* _Work task_:
Extract the records below word for word and ignore the images.

* _Task material_:
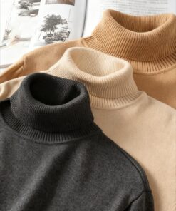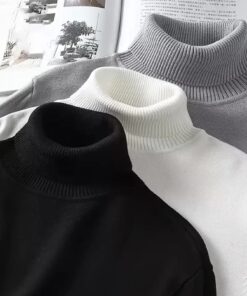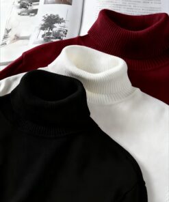 طقم سويتسرات رجالية كاجوال بياقة عالية محبوكة 3 قطع | لون موحد متعدد الاستخدامات، كم قصير، قماش مطاطي خفيف للخريف/الشتاء
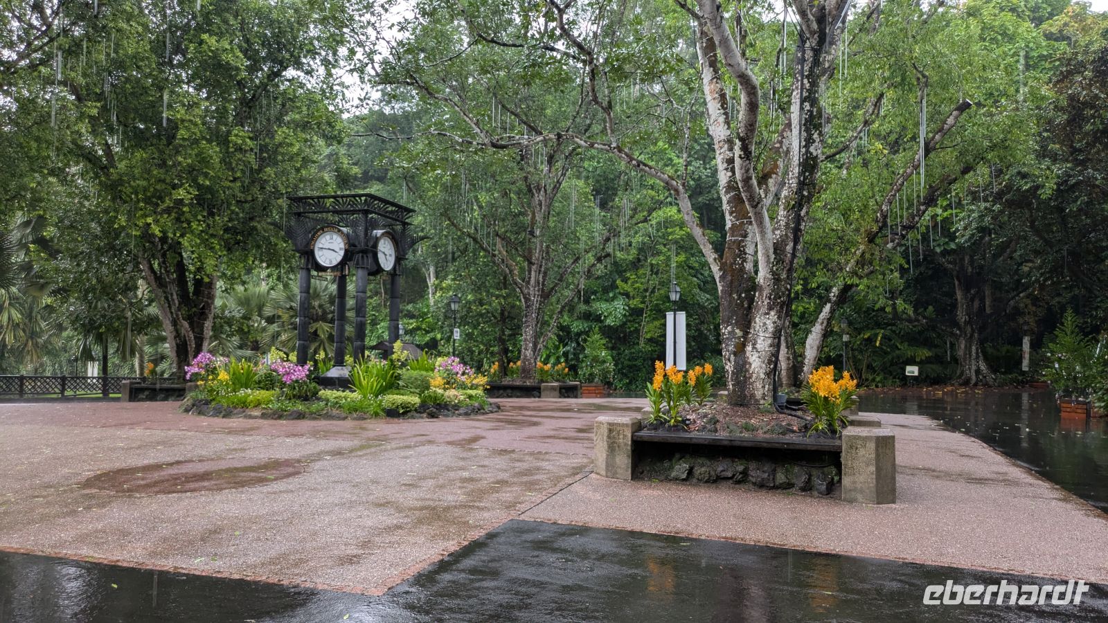 Danach geht unsere Rundfahrt weiter. Wegen des strömenden Regens entscheiden wir uns spontan für den Orchideen Garden, bevor Alvin uns zum Flughafen bringt. Nach der Gepäckabgabe bleibt noch ein kleiner Abstecher zum riesigen Indoor-Wasserfall „Jewel“ am Flughafen Singapur. Mit seinem Farbwechsel, den Pflanzen und dem leisen Rauschen vergisst man fast, dass man mitten im geschäftigen Flughafen ist.
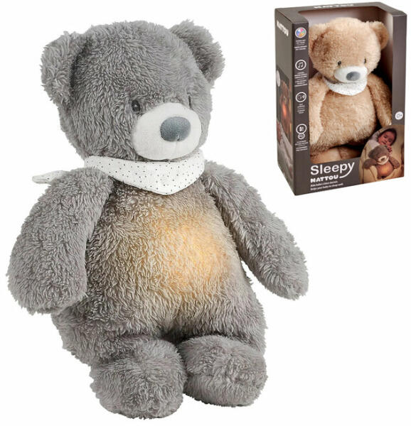 Puha plüss játék alváshoz Nattou medve formájában hímzett arcocskával és puha előkevel. A Nattou alvó medve gyönyörűen puha minőségű, kellemes töméssel. Az alvó medve hasában egy fény van, amely képes változtatni hét szín között és hangok között, fehér zajjal, tengerrel, szívveréssel és két nyugtató altatódallal, amelyek segítenek biztosítani a nyugodt alvá
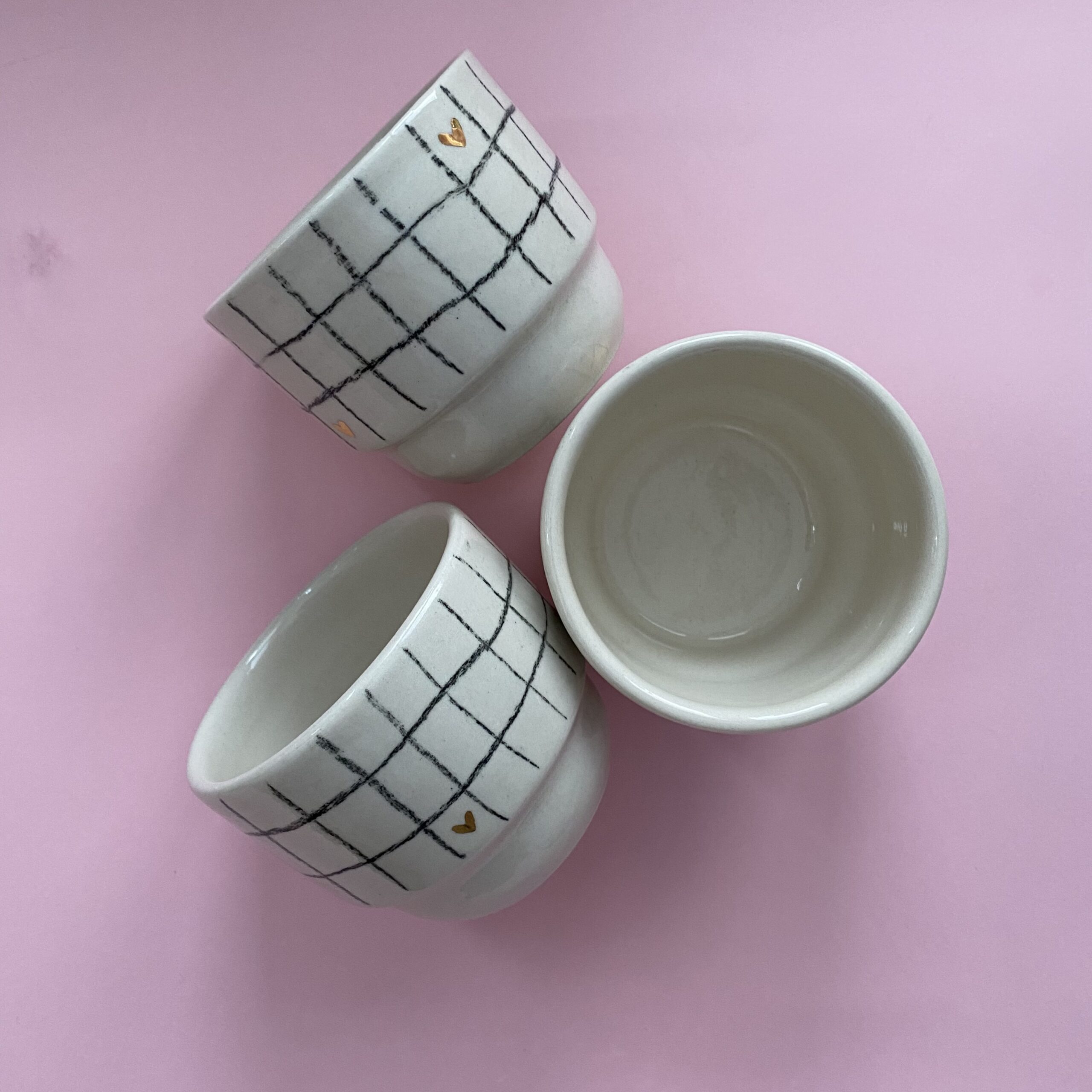 Kubek ceramiczny w dekoracji kredką i złotem. Ze złotem, które nie lubi zmywarki, lepiej ręcznie. Wysokość 7 cm, pojemność 200 ml
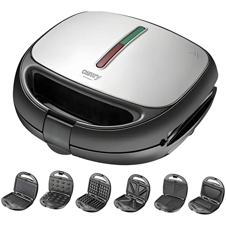 Adler Camry CR3057 Sandwichera Doble 6 en 1 | Placas Intercambiables | Sandwich Tostadora | Gofrera Gofres Belgas | Grill Plancha para Carne y Pescados | Galletas de Nuez | Temperatura Automática | 1200W

* _Response for this exercise_:
 طقم سويتسرات رجالية كاجوال بياقة عالية محبوكة 3 قطع | لون موحد متعدد الاستخدامات، كم قصير، قماش مطاطي خفيف للخريف/الشتاء
 Danach geht unsere Rundfahrt weiter. Wegen des strömenden Regens entscheiden wir uns spontan für den Orchideen Garden, bevor Alvin uns zum Flughafen bringt. Nach der Gepäckabgabe bleibt noch ein kleiner Abstecher zum riesigen Indoor-Wasserfall „Jewel“ am Flughafen Singapur. Mit seinem Farbwechsel, den Pflanzen und dem leisen Rauschen vergisst man fast, dass man mitten im geschäftigen Flughafen ist.
 Puha plüss játék alváshoz Nattou medve formájában hímzett arcocskával és puha előkevel. A Nattou alvó medve gyönyörűen puha minőségű, kellemes töméssel. Az alvó medve hasában egy fény van, amely képes változtatni hét szín között és hangok között, fehér zajjal, tengerrel, szívveréssel és két nyugtató altatódallal, amelyek segítenek biztosítani a nyugodt alvá
 Kubek ceramiczny w dekoracji kredką i złotem. Ze złotem, które nie lubi zmywarki, lepiej ręcznie. Wysokość 7 cm, pojemność 200 ml
 Adler Camry CR3057 Sandwichera Doble 6 en 1 | Placas Intercambiables | Sandwich Tostadora | Gofrera Gofres Belgas | Grill Plancha para Carne y Pescados | Galletas de Nuez | Temperatura Automática | 1200W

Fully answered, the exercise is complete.